Tutorials on Feature Generation and FAQ

Why Is OpenFE Ineffective For My Dataset?

There are two possible reasons. The first reason is that OpenFE fails to recall effective candidate features due to improper parameters. Please refer to our guidance on parameter tuning. The second reason is that there are no effective candidate features, since feature generation is not beneficial for all datasets. Our past experience on numerous real-world datasets indicates that feature generation is beneficial for 50%–70% of datasets.

How Many New Features Should I Include In The Dataset?

This relates to the topic of feature selection methods. Users can try to include 10, 20, 30, … new features and see which provides the best results. It is recommended to try more delicate feature selection methods (such as forward feature selection) to achieve better performance.

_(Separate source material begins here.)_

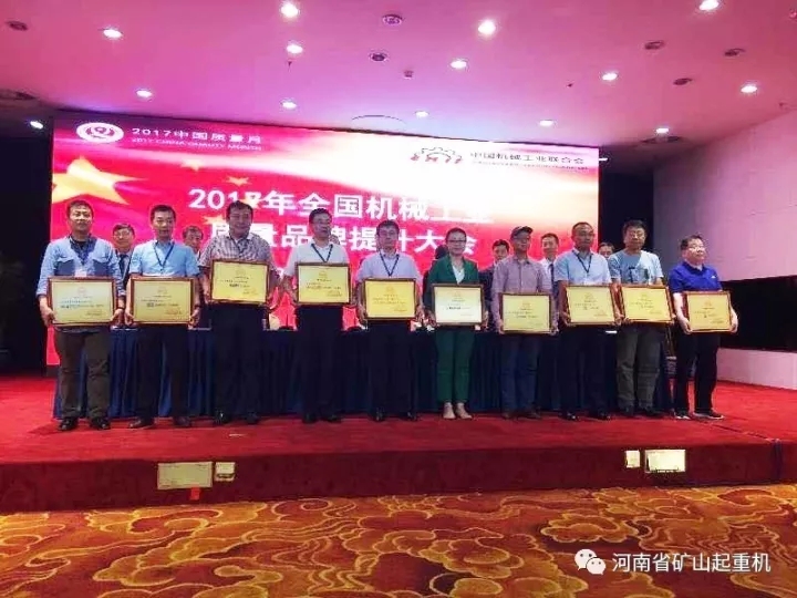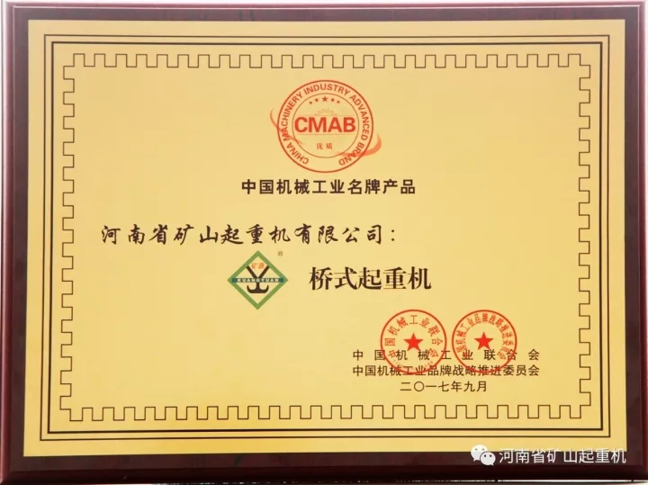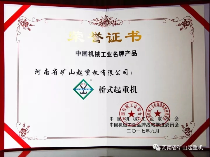 2017年9月26日,中國機械工業(yè)聯(lián)合會授予河南省礦山起重機有限公司“礦源牌橋式起重機”為“中國機械工業(yè)名牌產(chǎn)品”。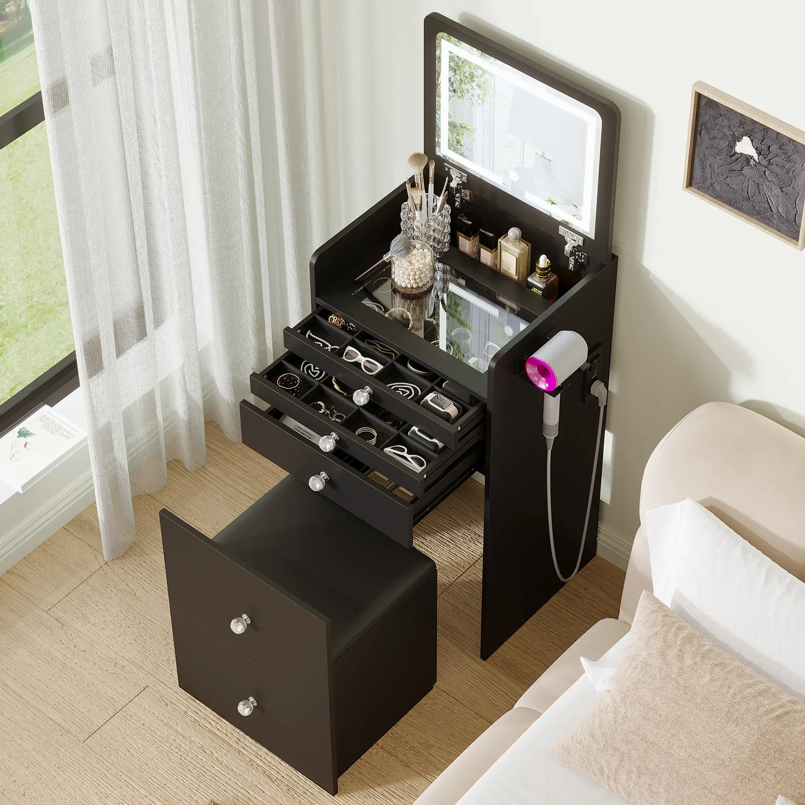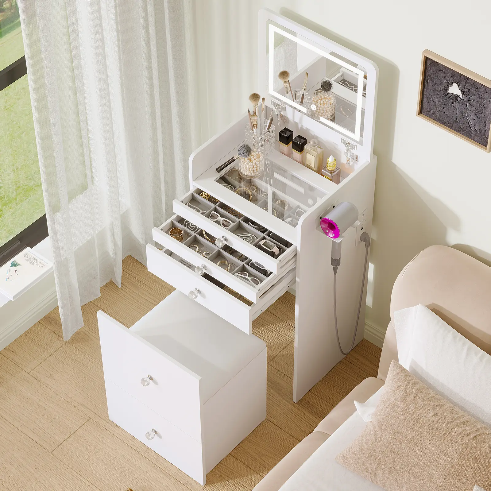 ·【Ample Storage Space】 This compact vanity features three drawers (a visible top drawer and a hidden storage stool), with additional hidden storage space beneath the mirror and stool. This unique design provides extra room for storing cosmetics, skincare products, and more.

What is a high-order feature?

A first-order feature is transformed by the base features (zero-order) using one operators, such as \(f_1 + f_2\). A second-order feature is transformed by the first-order features, such as \((f_1 + f_2)\times f_3\), and so on. High-order features refer to features with orders \(\geq 2\).

Are high-order features beneficial for model performance?

According on our previous experience with feature generation, looking for high-order features may not result in a noticeable improvement on the majority of datasets. First, we do not find that generating high-order features is useful for all the benchmarking datasets in our paper. Second, on the two Kaggle competitions (IEEE-CIS Fraud Detection and BNP Paribas Cardif Claims Management), the high-order features generated by the top winning teams also hardly improve the test scores. Readers can refer to more details in our paper.

Some previous papers argue that high-order features are useful by directly searching for high-order features. However, the effectiveness of high-order feature transformations should be evaluated in light of all its low-order components. For example, a second-order feature transformation \(f_1\times f_2\times f_3\) is effective only if it has additional effectiveness to all their first-order components \(f_1\times f_2\), \(f_1\times f_3\), and \(f_2\times f_3\).

How to generate high-order features?

Users can first generate effective first-order features, and then include the first-order features into the base features to generate second-order features, and so on.